Gold prices fell to around $4,838 per ounce on Thursday, February 5, 2026, retreating from a two-day recovery as investors responded to hawkish signals from the Federal Reserve (Fed) and political uncertainty over the central bank’s leadership.
Federal Reserve Governor Lisa Cook stated on Wednesday that she would not support additional interest rate reductions, emphasizing persistent upside inflation risks despite signs of labor market stabilization. Cook, speaking at the Economic Club of Miami, said risks are tilted toward higher inflation, signaling a cautious stance on monetary policy.
The Fed cut short-term borrowing costs three times in late 2025, bringing the current range to 3.5 percent to 3.75 percent. Cook indicated that these reductions will continue to support the labor market, which has stabilized with unemployment at 4.4 percent in December, well below the 50-year pre-pandemic average of 6.2 percent.
Market sentiment was also affected by President Donald Trump’s nomination of Kevin Warsh as the next Fed chairman.

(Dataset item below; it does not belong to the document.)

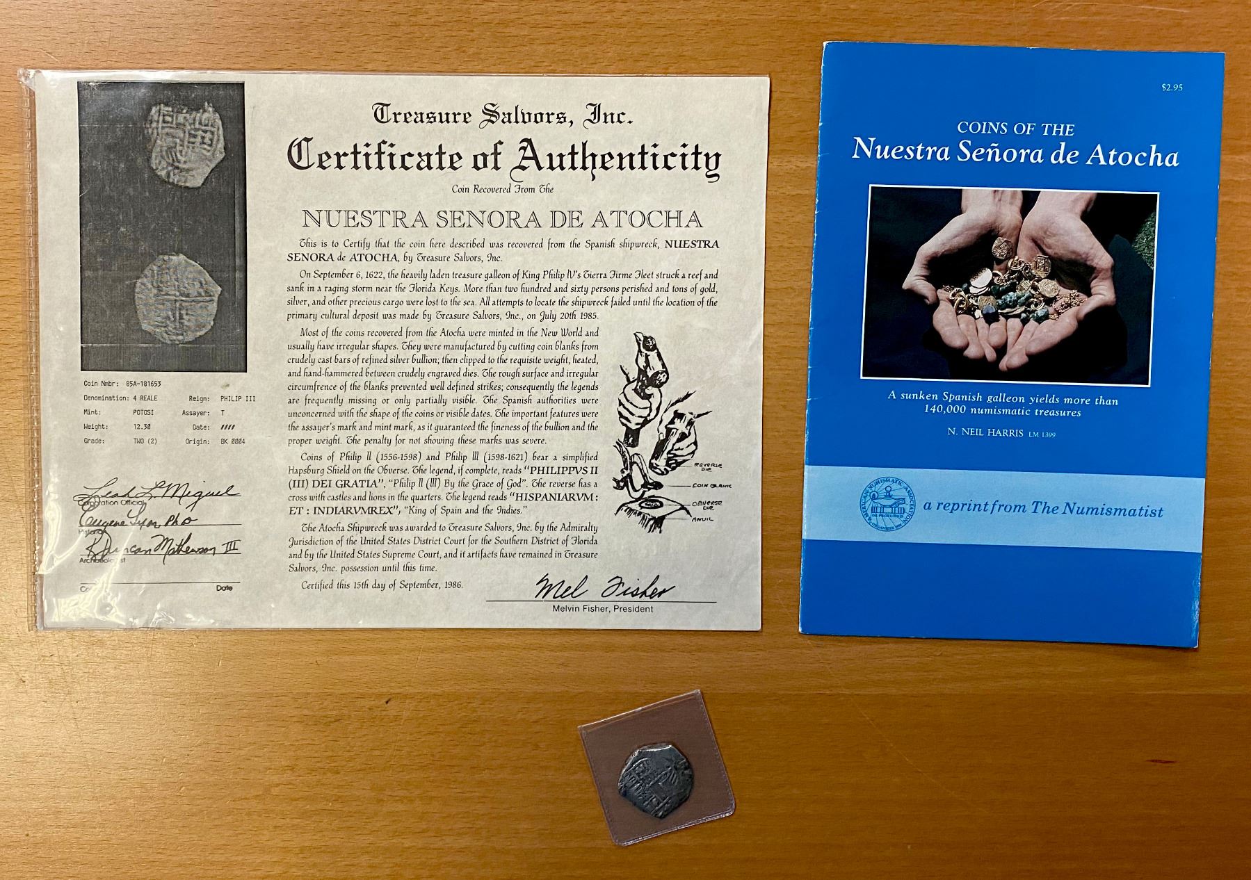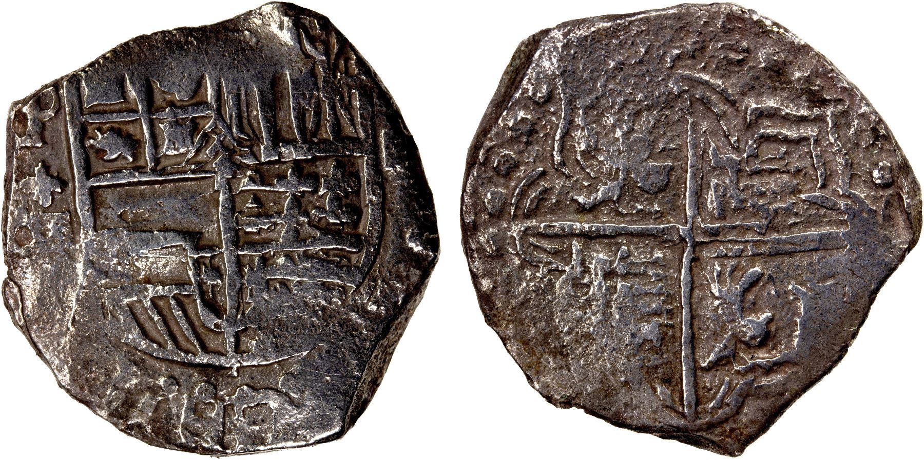 BOLIVIA: Felipe III, 1598-1621, AR 4 reales (12.30g), Potosi, ND-P, KM-9, assayer T, cob shipwreck find from the Atocha 1622 shipwreck west of Key West, Florida, moderate oxidation from saltwater immersion, with original Treasure Salvors certificate of authenticity 85A-181653 (Grade 2) (no tag) and booklet Coins of the Nuestra Señora de Atocha, VF, ex Nuestra Señora de Atocha shipwreck.

Warsh, a former Fed governor who served from 2006 to 2011, is viewed by analysts as more hawkish than other contenders, leading markets to price in a slower pace of potential rate cuts. If confirmed by the Senate, Warsh will succeed Jerome Powell when Powell’s term expires in May.
However, Trump sought to reassure markets, stating he would not have nominated Warsh if he favored rate hikes and expressed confidence that the Fed will eventually resume cutting rates.
Geopolitical tensions added further caution to markets. The United States and Iran are scheduled to hold nuclear talks in Muscat, Oman, on Friday, February 7, 2026, following confirmation by Iranian Foreign Minister Abbas Araghchi. The talks come amid heightened tensions after Tehran’s crackdown on nationwide protests and military incidents in the Arabian Sea. Washington has not ruled out military strikes if diplomatic efforts fail.
Earlier this week, gold surged more than 6 percent, marking its largest intraday rise since 2008. The rally was driven by aggressive buying amid global economic uncertainties and persistent geopolitical risks.
Market analysts note that gold remains highly sensitive to monetary policy signals and geopolitical developments. The precious metal’s trajectory will likely depend on the Fed’s next moves and the outcome of ongoing United States-Iran negotiations.